Enfin, ce que je pourrais lui reprocher, je vais être franc avec vous : en fait, rien. Si durant mon aventure, j’ai un peu pesté sur l’absence du mode photo, sa disponibilité dans une mise à jour sortie pendant mes sessions à réglé cet écueil que j’avais. Mis à part son aspect RPG beaucoup trop poussé (selon moi), je n’ai pour ainsi dire pratiquement rien à retenir de vraiment négatif. Je suis au courant des défauts que les gens énoncent à son endroit mais je ne partage pas ces avis là. Beaucoup trop long à se mettre en place dans ses premières heures ? Cela ne m’a pas gêné personnellement, tant j’ai été absorbé manette en main. C’est un God Of War 1.5 ? Je ne m’attendais pas à ce que l’excellent gameplay du 1er change drastiquement mais soit approfondi ou propose plus de choses que dans l’opus précédent, c’est le cas ici. Graphiquement identique au premier ? Il se « rattrape » par son 60 FPS et la DA de ses décors, tous plus magnifiques les uns que les autres.

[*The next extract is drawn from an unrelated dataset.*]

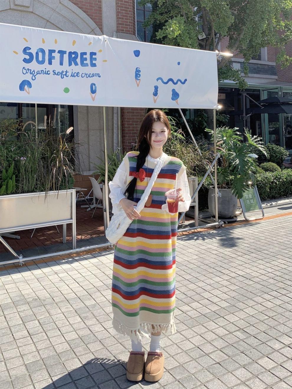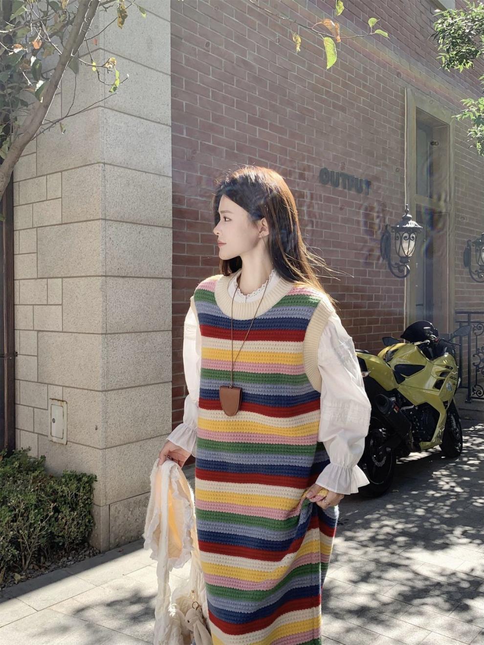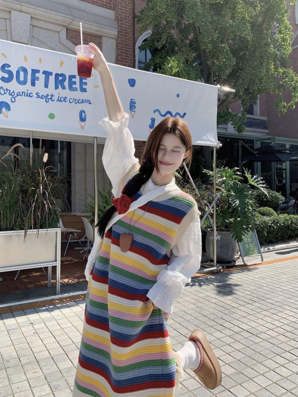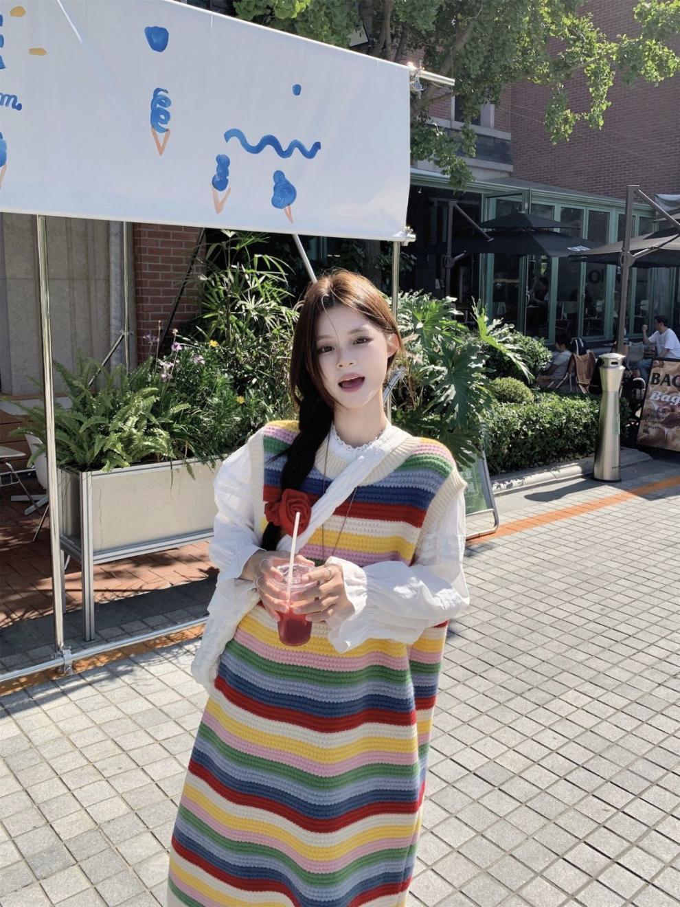 달콤한 레인보우 스트라이프 니트 조끼 원피스 봄 2025 여성용 긴 소매 화이트 셔츠 2 피스 세트스토어 가기

Je n’avais pas de réelles attentes et ce que j’ai vécu dans mon aventure m’a comblé et offert ce que j’exige depuis Cyberpunk 2077 : une expérience inoubliable, qui resterais en tête une fois la console éteinte. Tout comme God Of War, God Of War Ragnarok est un chef d’œuvre forgé par des amoureux, pour des amoureux du JV. On y vit plus qu’une Aventure avec un grand A. On y vit une Epopée que l’on prend pour personnelle, avec la ferme attention de vouloir intervenir personnellement dans des événements qui nous dépasseraient en temps normal. Pour finir… Vivement la suite Santa Monica Studio ! Et merci pour ce moment incroyable de Jeu Vidéo que je viens de vivre.

Ce que j’ai aimé :

  • Une écriture, une narration et une mise en scène incroyable !
  • Une profondeur dans ses propos surprenante !
  • Une aventure que j’ai vécu comme si c’était la mienne avant tout
  • Un gameplay toujours aussi brutal
  • Des personnages qu’on aime pour les uns, que l’on déteste vraiment pour les autres
  • Techniquement irréprochable
  • Le mode photo qui est sorti durant mes sessions
  • La prise en charge de la DualSense : exemplaire !
  • Une accessibilité qui force le respect
  • Un Platine que j’ai aimé accomplir 🙂

Ce que j’ai moins aimé :

  • Un aspect RPG beaucoup trop poussé selon moi
  • Des collectibles qui commencent doucement par être rébarbatif, peu importe le JV
« J’ai appelé la PETA, ils m’ont dit que j’avais le droit de monter sur le canapé »

Son appréciation

En lançant God Of War Ragnarok pour la première fois, je m’attendais à vivre une aventure similaire au premier opus en terme de qualités comme de défauts. Sauf que cette suite va beaucoup plus loin que ça. Non content de m’avoir fait vivre une Aventure, pardon, une Epopée, God Of War Ragnarok à des choses à dire et le dit avec une intelligence sans commune mesure. De plus, il se permet l’outrecuidance d’être plus que solide dans ses autres secteurs, comme ses graphismes, son écriture, sa Direction Artistique, sa narration et sa technique en béton armé. Des œuvres vidéoludiques comme God Of War Ragnarok, je souhaite en dévorer tous les jours, tant elles me rappel à quel point le JV peut être quand il le veut bien. Merci Santa Monica Studio pour cet immense voyage aux confins des contrées nordiques, où les dieux peuvent être aussi comme des humains comme vous et moi.